- Task objective: Word for word, print each record, dropping any image it holds.

┏━━

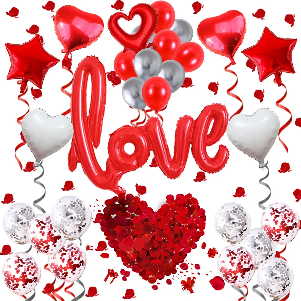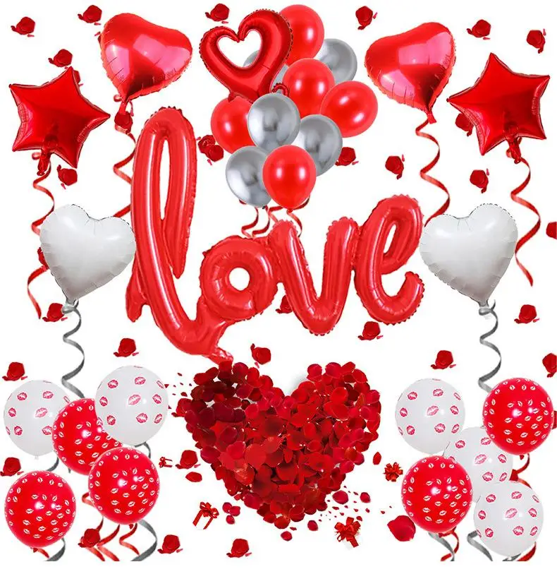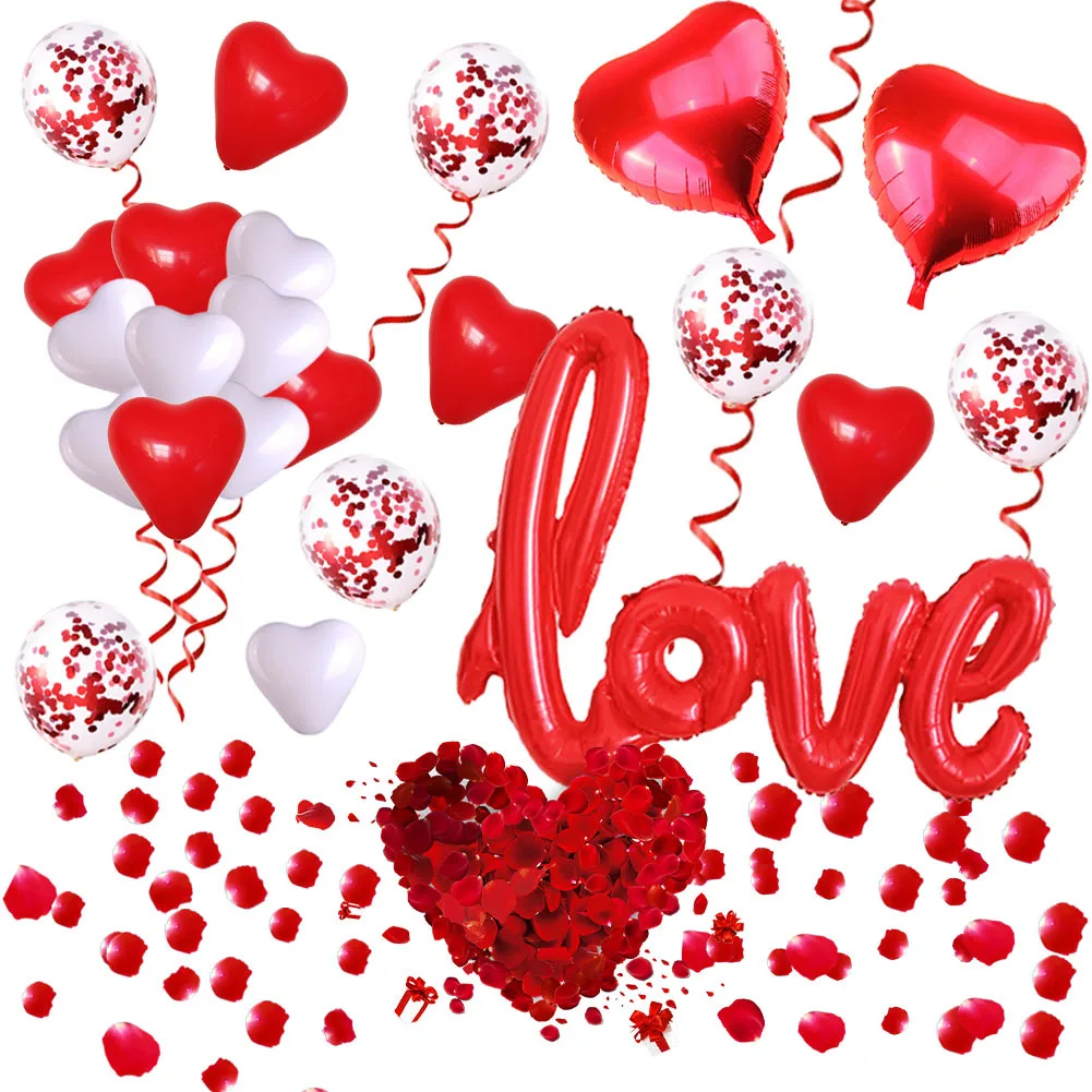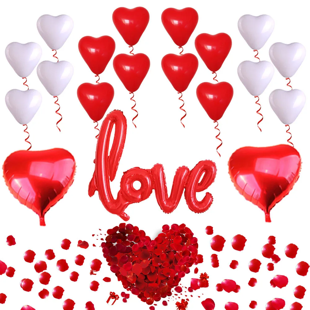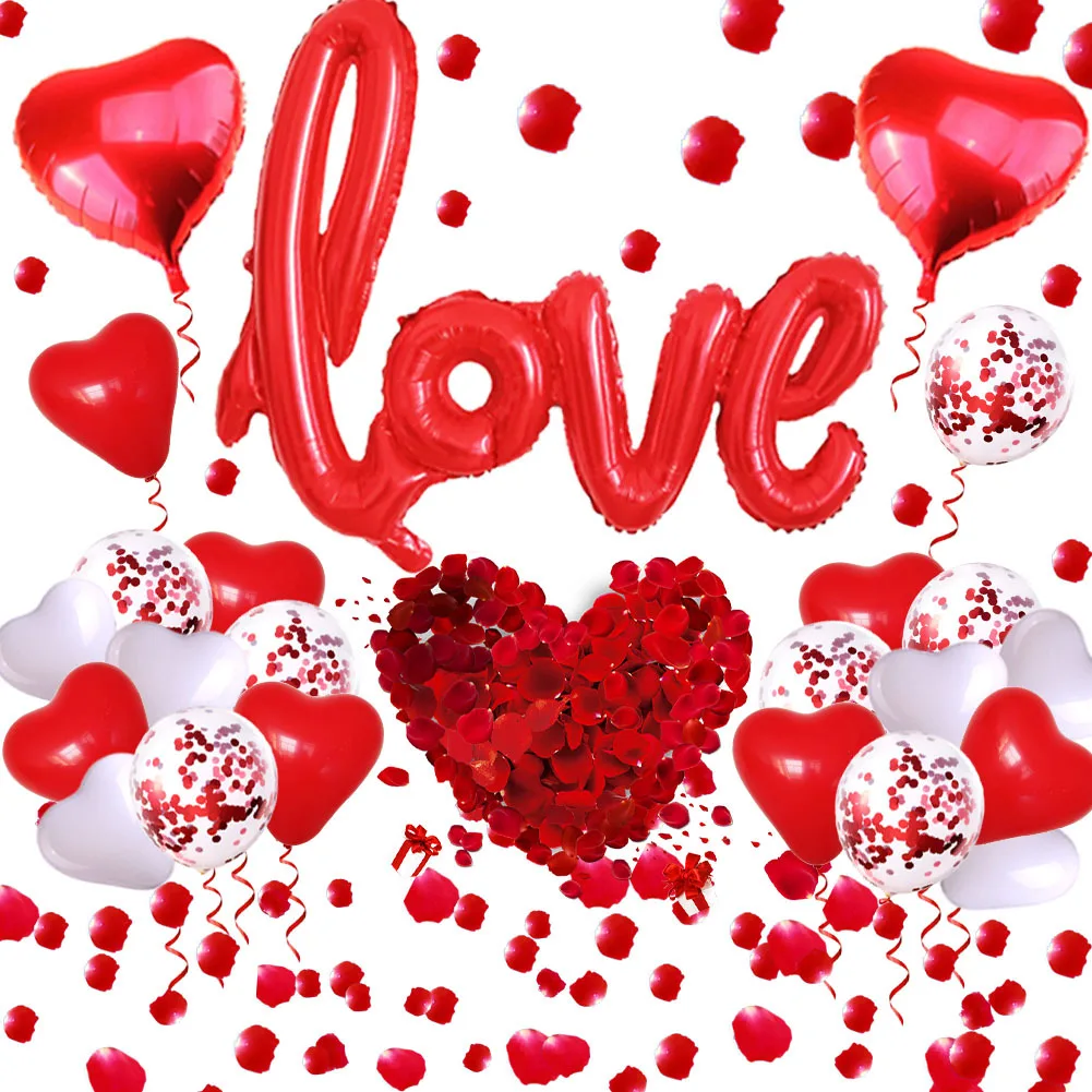 Valentine's Day Balloon Combo One-piece Love Shape Wedding Party Rose Petal Decoration Lover's Balloon Set
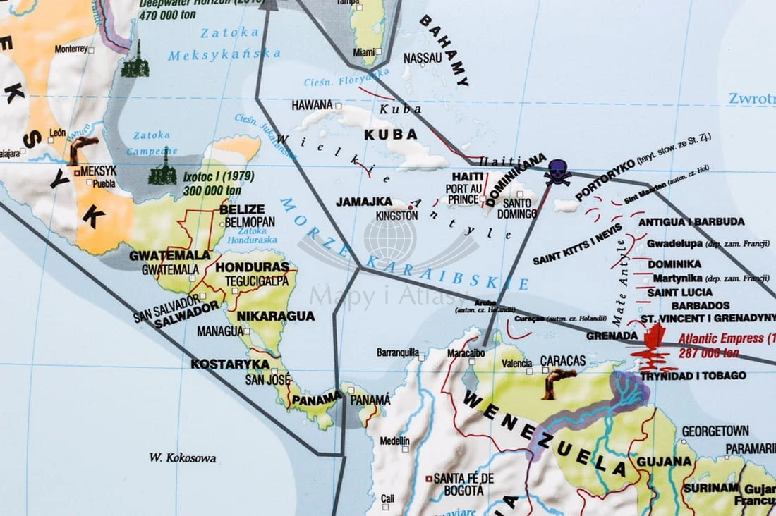 Ścienna mapa szkolna świata w skali 1:22 000 000 przedstawiająca problematykę wielostronnej degradacji biosfery spowodowanej działalnością człowieka. Dotyczy to zarówno zanieczyszczania atmosfery, hydrosfery...
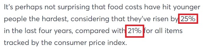事實上,“食品通脹率”已經(jīng)超過了整體通脹率:過去四年,食品價格上漲了25%,而所有商品的價格平均漲幅為21%。
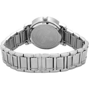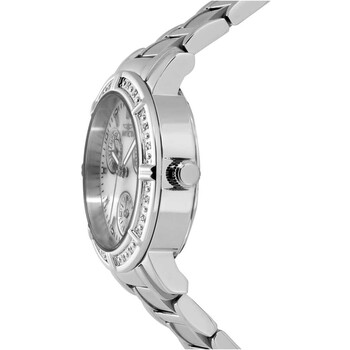 Stainless steel case with a stainless steel bracelet. Fixed stainless steel bezel set with 16 diamonds. Mother of pearl dial with luminous silver-tone sword-shaped hands and index hour markers. Minute markers around the outer rim. Dial Type: Analog. Luminescent hands and markers. Date display at the 4 o'clock position. Three multi-function sub-dials displaying: 24 hours, date and day of the week. ISA caliber 8172 quartz movement. Scratch resistant Flame Fusion crystal. Pull / push crown. Solid case back. Round case shape. Case size: 33 mm. Case thickness: 11 mm. Band width: 16 mm. Band length: 7.75 inches. Deployment clasp with a push button release. Water resistant at 100 meters / 330 feet. Functions: chronograph, date, hour, minute, second. Wildflower Series. Dress watch style. Item Variations: Date. Invicta Wildflower Chronograph Limited Edition Diamond Mother of Pearl Dial Ladies Watch 4718.
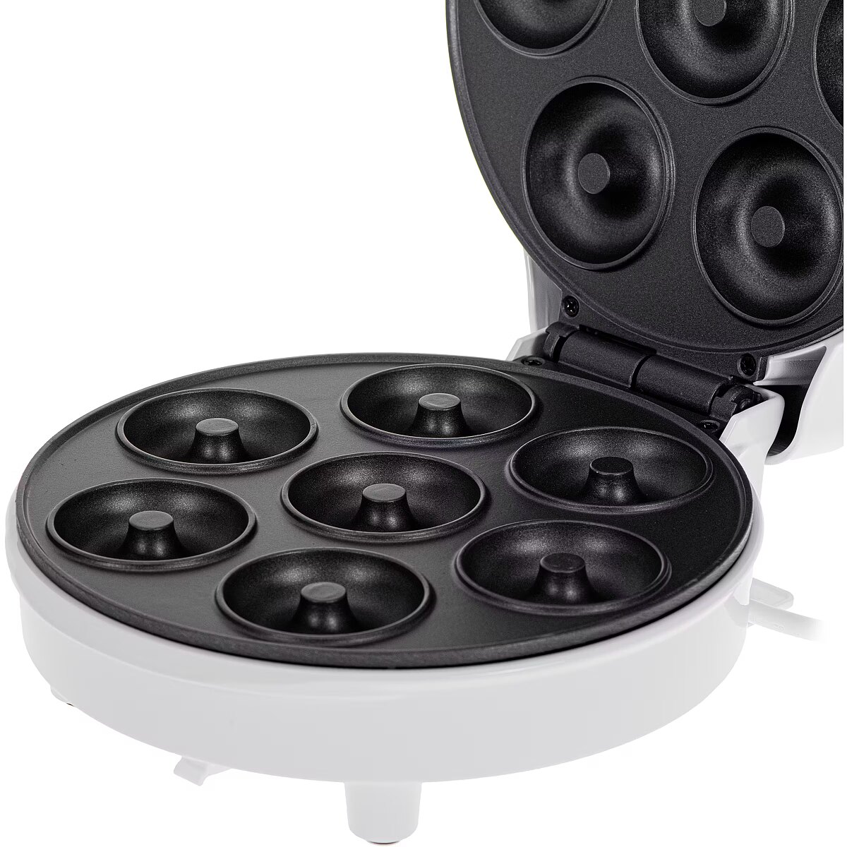 Technical details > Other features - Bakes 7 donuts at one time; Non-stick heating plates; Cool touch handle; 2 control lights for power and baking
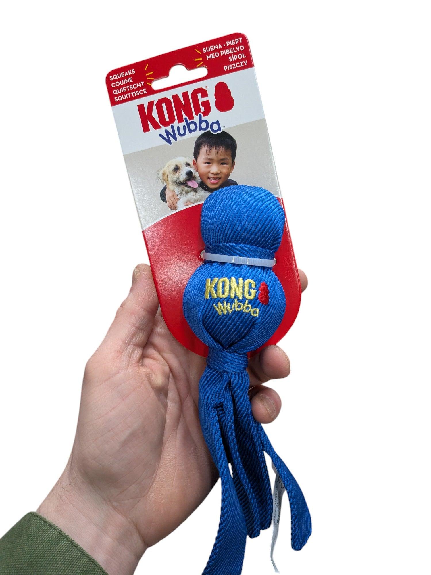 De KONG Puppy Wubba is hét ideale speeltje voor jonge honden, ontworpen voor interactieve trek- en apporteerspelletjes. Dit veelzijdige speeltje combineert twee ballen – een tennisbal bovenop en een piepbal onderop – die samen worden bedekt door duurzaam ballistisch nylon voor extra stevigheid.
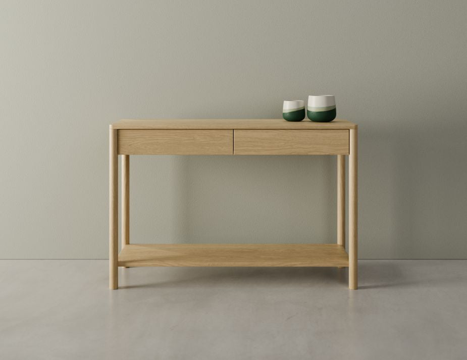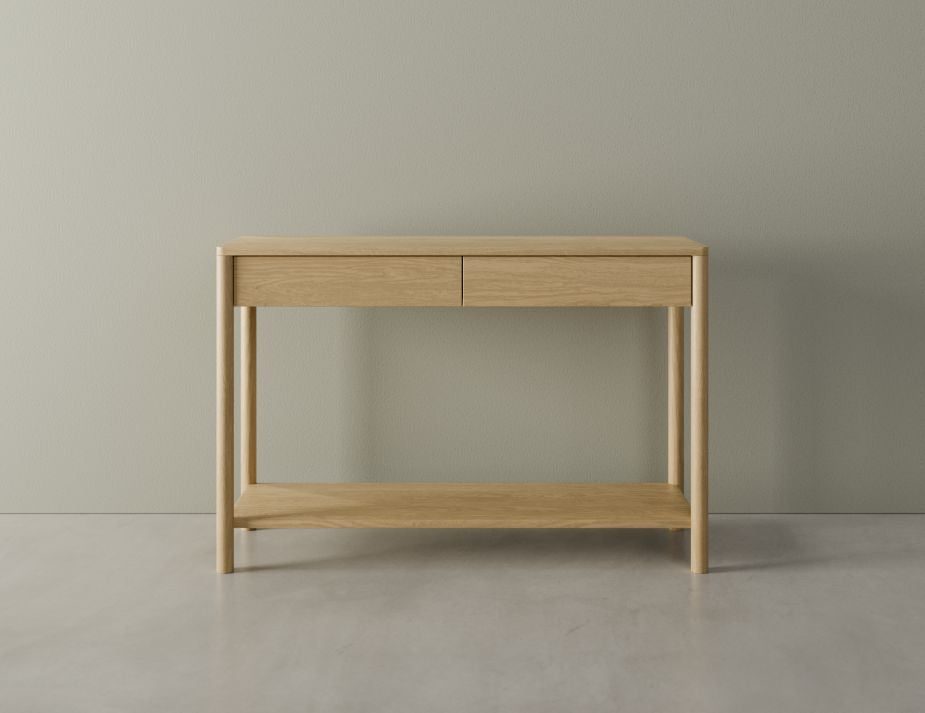 Revitalize Any Space with the Nordica Solid Oak Console Table The Nordica Solid Oak Console Table is the epitome of sleek design and functionality. Ideal for narrow hallways or small living areas, this wooden console table measures 115 cm in width, making it a perfect fit for compact spaces. With its dual drawers, the Nordica provides essential storage, making it an excellent entryway console table for organizing keys, mail, and other necessities. Its streamlined design not only maximizes space but also adds a modern touch to any room, making it a versatile addition to any interior design portfolio, from residential homes to commercial settings. Sturdy and Stylish: The Nordica's Solid Oak Construction This small console table is constructed from high-quality solid American oak, ensuring both durability and aesthetic appeal. The robust construction supports everyday utility while offering the timeless charm of wood console table furniture. Ideal for trade customers and designers, the Nordica oak narrow console table seamlessly blends with both contemporary and traditional decor, proving itself as a functional and attractive hall console table that stands the test of time. Refined Natural Oak Finish: Elevate Your Design Projects The Nordica Oak Console Table with drawers features a beautiful natural finish that enhances fine craftsmanship. The warm tones of the solid oak bring a cozy, inviting feel to any environment, making it an ideal choice for those looking to create a welcoming atmosphere with a modern console table. Whether positioned in a bustling entryway or as a focal point in a hallway, its understated elegance and superior functionality make it a top choice among modern, narrow console tables for hallways and other spaces.
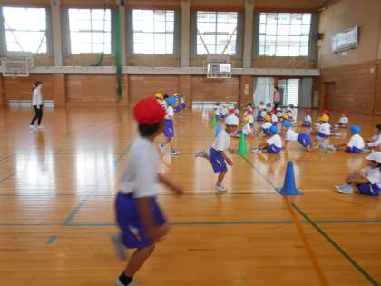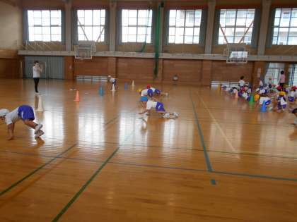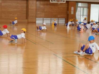 スキップやクマ歩き、クモ歩き等体をほぐす運動をがんばりました。
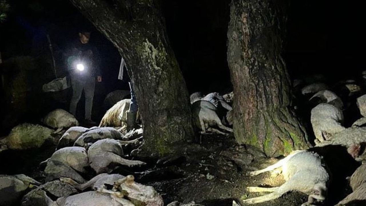 Bu sırada ağacın bulunduğu noktaya yıldırım düştü. Çoban Mehmet Kürkçü yaralanırken, sürüdeki koyunlardan 76'sı telef oldu.
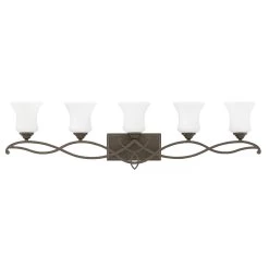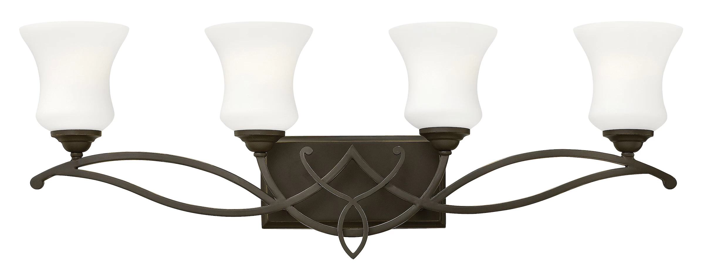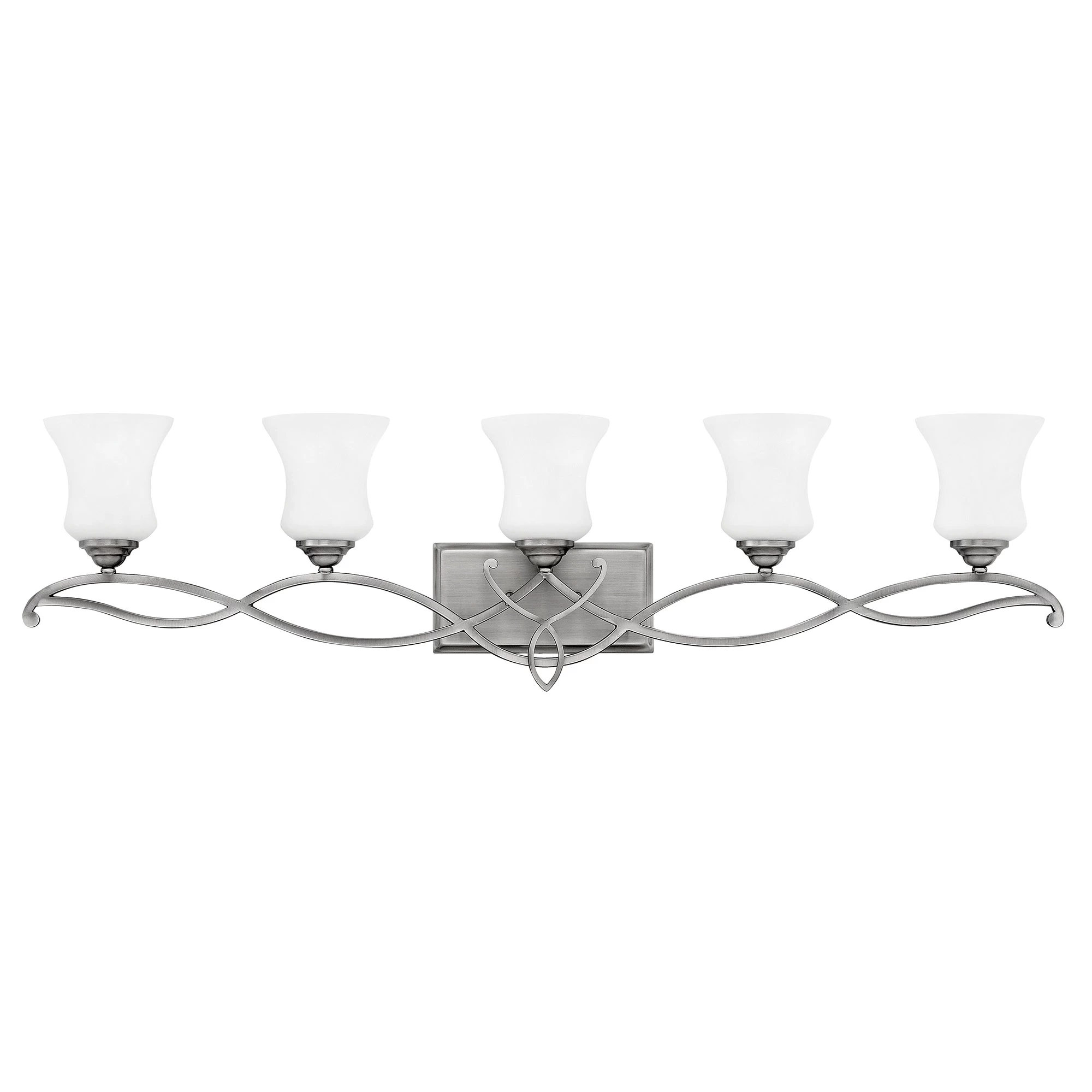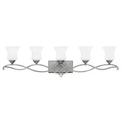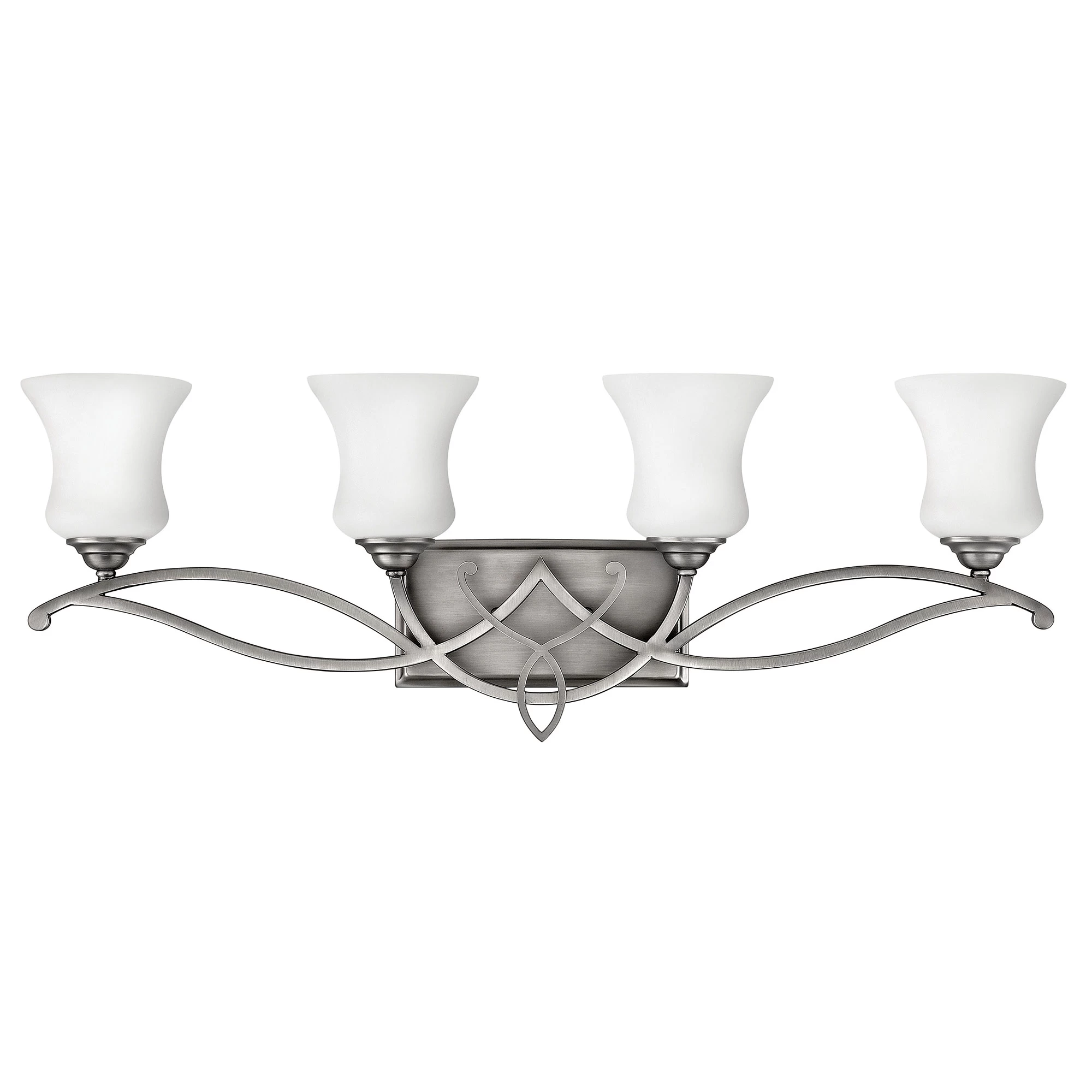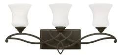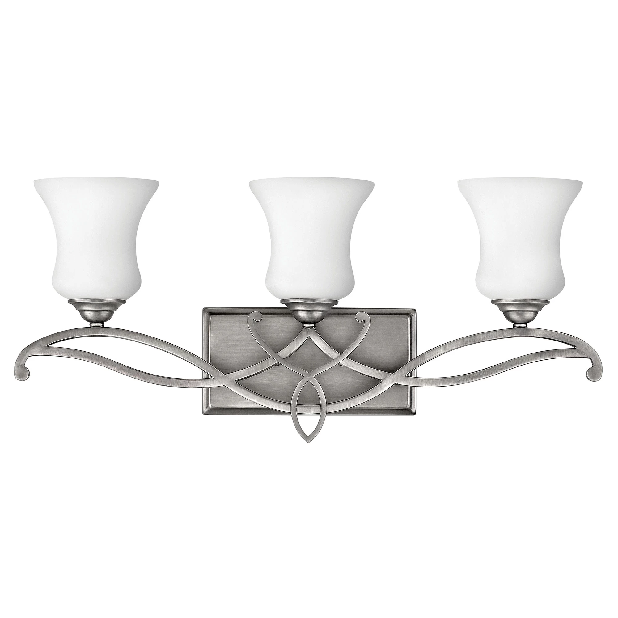 The Brooke Bathroom Vanity Light features an Antique Nickel, Silver Leaf, or Olde Bronze finish with Etched Opal Glass shades.

┗━━

- Task result:
 Valentine's Day Balloon Combo One-piece Love Shape Wedding Party Rose Petal Decoration Lover's Balloon Set
 Ścienna mapa szkolna świata w skali 1:22 000 000 przedstawiająca problematykę wielostronnej degradacji biosfery spowodowanej działalnością człowieka. Dotyczy to zarówno zanieczyszczania atmosfery, hydrosfery...
事實上,“食品通脹率”已經(jīng)超過了整體通脹率:過去四年,食品價格上漲了25%,而所有商品的價格平均漲幅為21%。
 Stainless steel case with a stainless steel bracelet. Fixed stainless steel bezel set with 16 diamonds. Mother of pearl dial with luminous silver-tone sword-shaped hands and index hour markers. Minute markers around the outer rim. Dial Type: Analog. Luminescent hands and markers. Date display at the 4 o'clock position. Three multi-function sub-dials displaying: 24 hours, date and day of the week. ISA caliber 8172 quartz movement. Scratch resistant Flame Fusion crystal. Pull / push crown. Solid case back. Round case shape. Case size: 33 mm. Case thickness: 11 mm. Band width: 16 mm. Band length: 7.75 inches. Deployment clasp with a push button release. Water resistant at 100 meters / 330 feet. Functions: chronograph, date, hour, minute, second. Wildflower Series. Dress watch style. Item Variations: Date. Invicta Wildflower Chronograph Limited Edition Diamond Mother of Pearl Dial Ladies Watch 4718.
 Technical details > Other features - Bakes 7 donuts at one time; Non-stick heating plates; Cool touch handle; 2 control lights for power and baking
 De KONG Puppy Wubba is hét ideale speeltje voor jonge honden, ontworpen voor interactieve trek- en apporteerspelletjes. Dit veelzijdige speeltje combineert twee ballen – een tennisbal bovenop en een piepbal onderop – die samen worden bedekt door duurzaam ballistisch nylon voor extra stevigheid.
 Revitalize Any Space with the Nordica Solid Oak Console Table The Nordica Solid Oak Console Table is the epitome of sleek design and functionality. Ideal for narrow hallways or small living areas, this wooden console table measures 115 cm in width, making it a perfect fit for compact spaces. With its dual drawers, the Nordica provides essential storage, making it an excellent entryway console table for organizing keys, mail, and other necessities. Its streamlined design not only maximizes space but also adds a modern touch to any room, making it a versatile addition to any interior design portfolio, from residential homes to commercial settings. Sturdy and Stylish: The Nordica's Solid Oak Construction This small console table is constructed from high-quality solid American oak, ensuring both durability and aesthetic appeal. The robust construction supports everyday utility while offering the timeless charm of wood console table furniture. Ideal for trade customers and designers, the Nordica oak narrow console table seamlessly blends with both contemporary and traditional decor, proving itself as a functional and attractive hall console table that stands the test of time. Refined Natural Oak Finish: Elevate Your Design Projects The Nordica Oak Console Table with drawers features a beautiful natural finish that enhances fine craftsmanship. The warm tones of the solid oak bring a cozy, inviting feel to any environment, making it an ideal choice for those looking to create a welcoming atmosphere with a modern console table. Whether positioned in a bustling entryway or as a focal point in a hallway, its understated elegance and superior functionality make it a top choice among modern, narrow console tables for hallways and other spaces.
 スキップやクマ歩き、クモ歩き等体をほぐす運動をがんばりました。
 Bu sırada ağacın bulunduğu noktaya yıldırım düştü. Çoban Mehmet Kürkçü yaralanırken, sürüdeki koyunlardan 76'sı telef oldu.
 The Brooke Bathroom Vanity Light features an Antique Nickel, Silver Leaf, or Olde Bronze finish with Etched Opal Glass shades.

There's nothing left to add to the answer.